* [TASK DIRECTIONS]
What needs reproducing is the run of lines in the data below starting at the line with "This delightful 925" and ending at the line with "为广泛组织和发动社会力量参与", both ends included. Copy it exactly, without pictures, and add nothing.

BEGIN RECORD EXCERPTS

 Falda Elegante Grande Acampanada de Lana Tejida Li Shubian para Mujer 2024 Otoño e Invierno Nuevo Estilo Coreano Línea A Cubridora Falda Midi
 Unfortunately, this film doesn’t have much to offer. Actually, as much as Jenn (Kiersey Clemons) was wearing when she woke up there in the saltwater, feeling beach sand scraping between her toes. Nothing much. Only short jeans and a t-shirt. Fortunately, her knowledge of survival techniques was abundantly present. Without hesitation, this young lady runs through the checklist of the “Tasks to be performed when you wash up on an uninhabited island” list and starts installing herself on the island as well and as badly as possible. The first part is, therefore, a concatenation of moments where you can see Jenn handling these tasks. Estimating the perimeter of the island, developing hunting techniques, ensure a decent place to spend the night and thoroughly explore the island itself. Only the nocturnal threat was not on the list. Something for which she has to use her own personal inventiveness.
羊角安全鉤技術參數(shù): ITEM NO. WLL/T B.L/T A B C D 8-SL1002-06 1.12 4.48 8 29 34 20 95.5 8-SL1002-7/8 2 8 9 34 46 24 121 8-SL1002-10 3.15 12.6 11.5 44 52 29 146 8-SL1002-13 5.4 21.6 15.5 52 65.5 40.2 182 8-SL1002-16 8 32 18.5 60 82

END RECORD EXCERPTS
BEGIN RECORD EXCERPTS

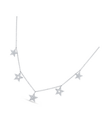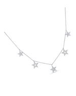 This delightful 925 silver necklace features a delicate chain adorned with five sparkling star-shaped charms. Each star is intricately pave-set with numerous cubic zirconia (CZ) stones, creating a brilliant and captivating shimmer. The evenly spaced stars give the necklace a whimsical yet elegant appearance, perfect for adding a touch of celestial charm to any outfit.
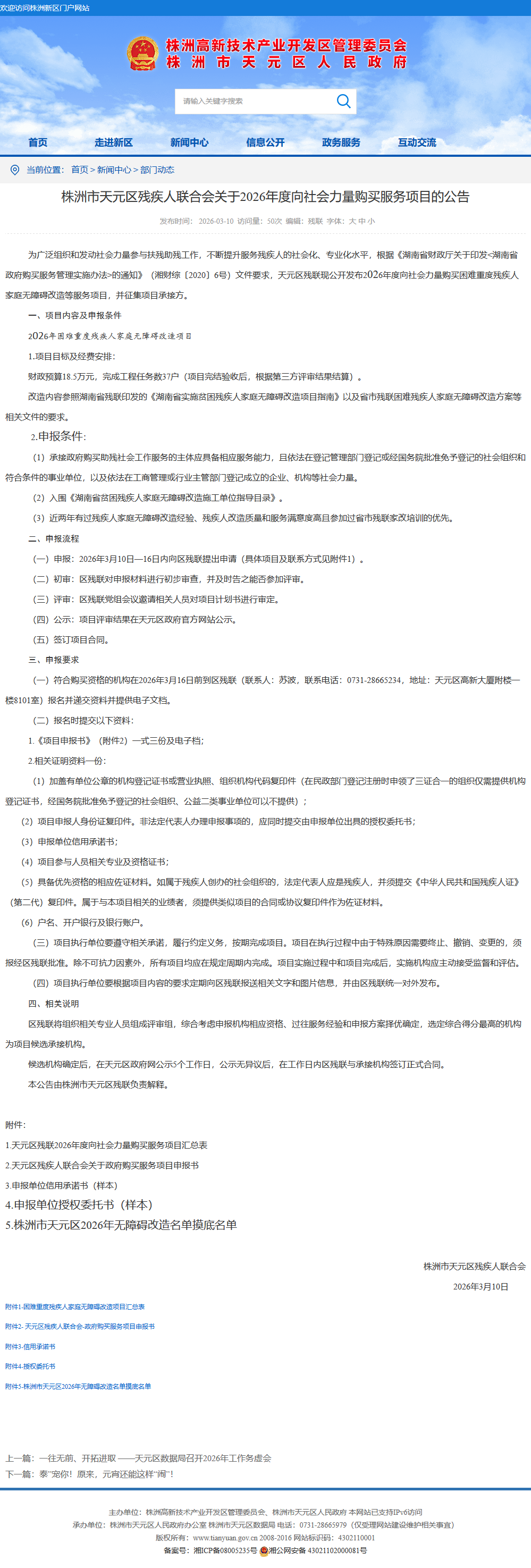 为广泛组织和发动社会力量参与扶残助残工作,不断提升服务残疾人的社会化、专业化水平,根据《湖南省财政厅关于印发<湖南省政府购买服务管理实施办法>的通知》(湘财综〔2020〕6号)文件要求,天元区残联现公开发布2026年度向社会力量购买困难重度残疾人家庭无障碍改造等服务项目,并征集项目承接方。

END RECORD EXCERPTS

* [REPLY]
 This delightful 925 silver necklace features a delicate chain adorned with five sparkling star-shaped charms. Each star is intricately pave-set with numerous cubic zirconia (CZ) stones, creating a brilliant and captivating shimmer. The evenly spaced stars give the necklace a whimsical yet elegant appearance, perfect for adding a touch of celestial charm to any outfit.
 为广泛组织和发动社会力量参与扶残助残工作,不断提升服务残疾人的社会化、专业化水平,根据《湖南省财政厅关于印发<湖南省政府购买服务管理实施办法>的通知》(湘财综〔2020〕6号)文件要求,天元区残联现公开发布2026年度向社会力量购买困难重度残疾人家庭无障碍改造等服务项目,并征集项目承接方。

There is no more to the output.